--- Data to process Enclosed Below ---

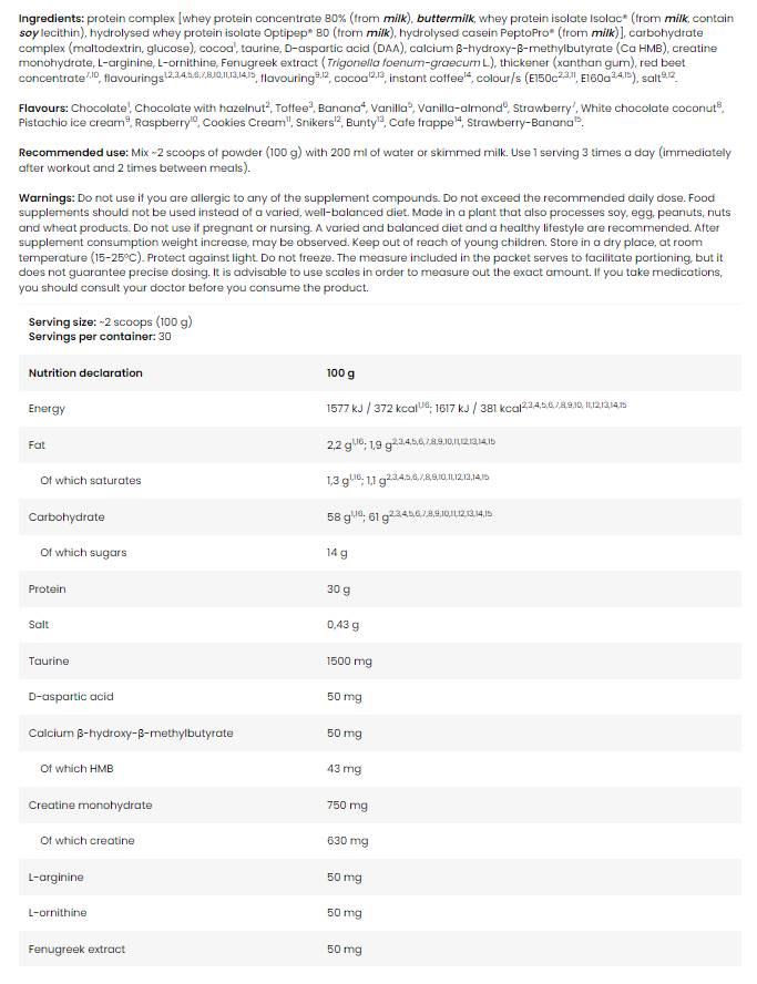 With each dose of this powerful anabolic formula, you will load your body with 48g of protein complex and 54g of carbohydrate complex, which will support recovery in the best possible way and predispose your muscles to growth!
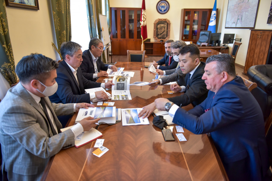 В муниципалитете Бишкека состоялась встреча и.о. мэра Бишкека Бактыбека Кудайбергенова с председателем правления «ТНД Глобал» Тургай Чалыкер, заместителем генерального директора компании «Отокар Отомотив ве Савунма Санайи» Басри Акгюль, генеральным директором ТРЦ «Бишкек Парк» Фатих Зенгин и руководителем отдела коммерции ТРЦ «Бишкекпарк» Нурсултаном Баялиевым.
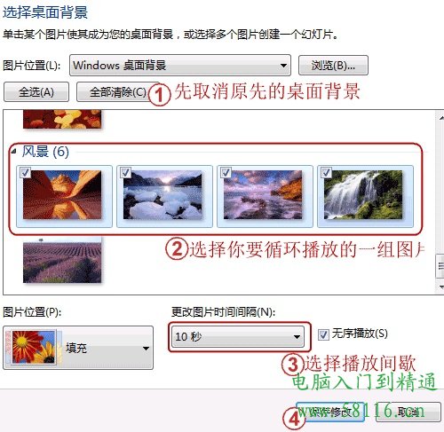 按保存修改就生效了。 图片时间间隔可以按照需要设置。最小的是10秒,你可以设成一分钟变一下,这样像幻灯效果。也有不少网友只是希望每天换一张图片,那可以选中几十张图片每天自动换一张。 如果你用的是笔记本,在时间间隔选项的下面会多出一个选项,可以选择“如果你使用的是电池模式,就暂停幻灯片播放壁纸以节电”。放幻灯要耗电哦。 坏消息,Windows 7 家庭普通版中“桌面墙纸幻灯”这个功能没有。 |
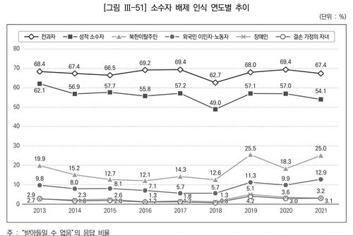 ◇ "탈북자 못받아들여" 4년새 '14.3%→25.0%'…성소수자 배제 수준 '제자리'
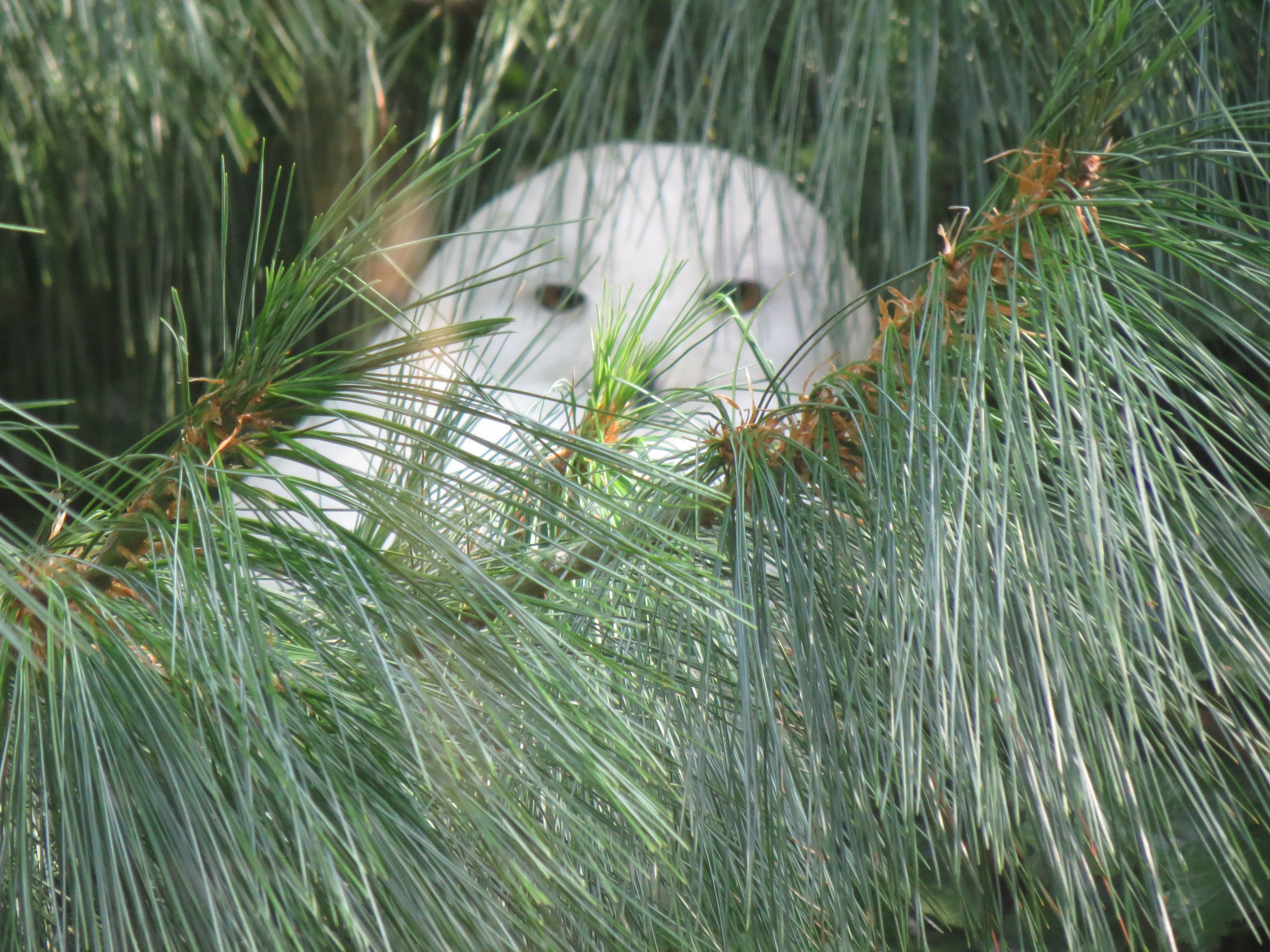Die Schneeeule ist ein nachtaktiver Raubvogel und versteckt sich tagsüber gern. Ricci hat lange suchen müssen, bis sie die Eule hinter einer Kiefer entdeckt hat.
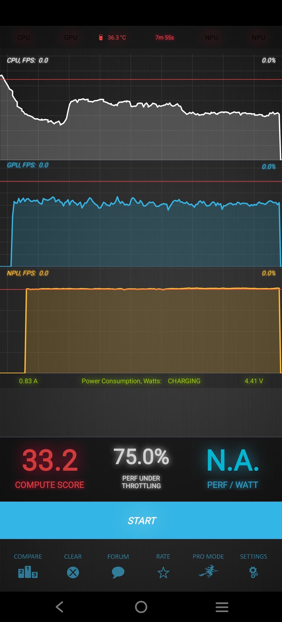 Тест на снижение производительности при нагреве мы проводим с помощью программы Burnout Benchmark, которая позволяет нагружать CPU, GPU и NPU:
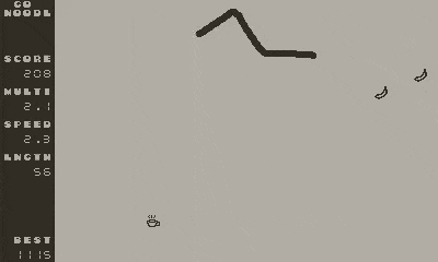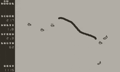 I'm also introducing a new "veer" mechanic. I really like doing sharp turns sometimes and I wanted to add a lil bit of extra tension by adding a risk-reward mechanic around it. You can now do a sharp turn (if you're successful, you'll see dust being kicked up... because sure, that's definitely how snakes work). When you do, you get a very short window where you can score extra points by increasing your multiplier by 0.3 for 1s. In other words, if you manage to do a sharp turn riiiight before picking up a banana, you get extra points without picking up extra speed from the coffee. Just be careful not to zig-zag into yourself by doing that.
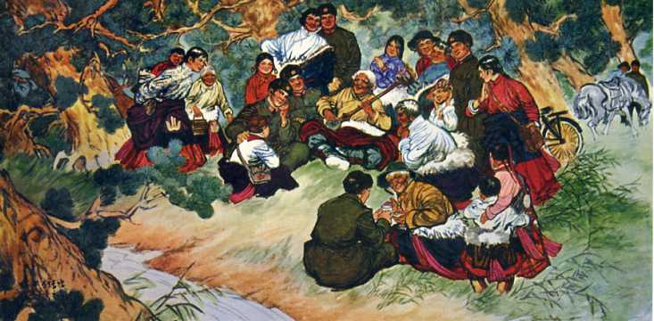 中国画《好歌唱给知心人》(66.7x132.2cm)钟为 1964年
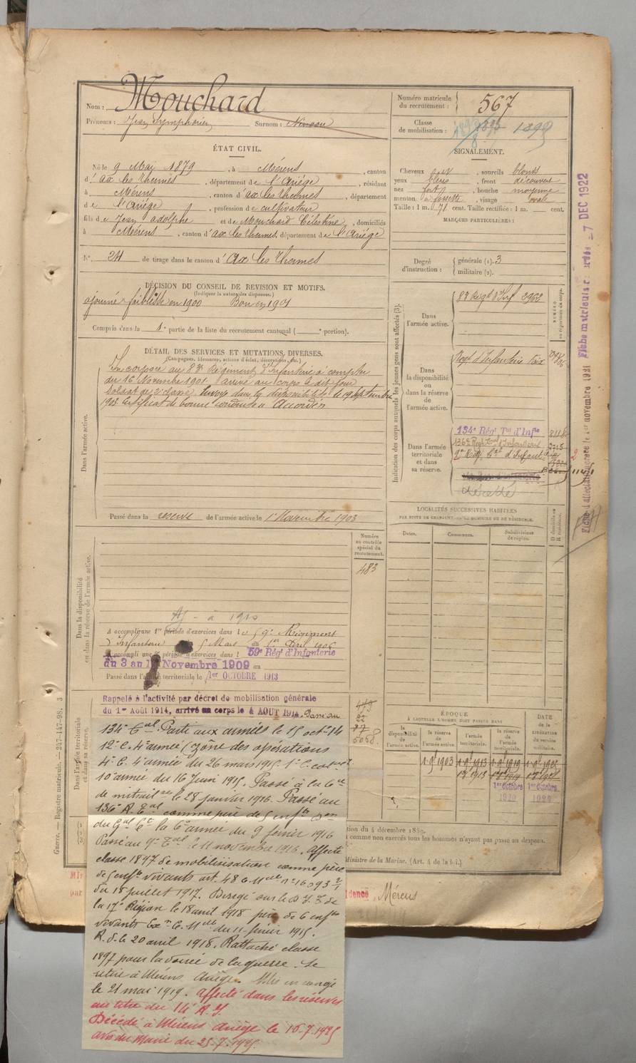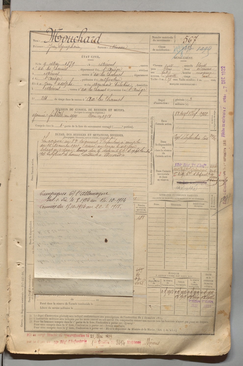 | Mouchard | Jean Symphorien dit Ninou | FOIX | 1 R 457 | 1899 | Mérens-les-Vals | Mérens-les-Vals | 567 |

--- End of Enclosed Data to process ---

Task to carry out => Reproduce exactly the lines of the data above that run from the line with "Die Schneeeule ist" down to the line with "I'm also introducing", both ends included. Pictures do not belong in the copy.

The completed task =>
Die Schneeeule ist ein nachtaktiver Raubvogel und versteckt sich tagsüber gern. Ricci hat lange suchen müssen, bis sie die Eule hinter einer Kiefer entdeckt hat.
 Тест на снижение производительности при нагреве мы проводим с помощью программы Burnout Benchmark, которая позволяет нагружать CPU, GPU и NPU:
 I'm also introducing a new "veer" mechanic. I really like doing sharp turns sometimes and I wanted to add a lil bit of extra tension by adding a risk-reward mechanic around it. You can now do a sharp turn (if you're successful, you'll see dust being kicked up... because sure, that's definitely how snakes work). When you do, you get a very short window where you can score extra points by increasing your multiplier by 0.3 for 1s. In other words, if you manage to do a sharp turn riiiight before picking up a banana, you get extra points without picking up extra speed from the coffee. Just be careful not to zig-zag into yourself by doing that.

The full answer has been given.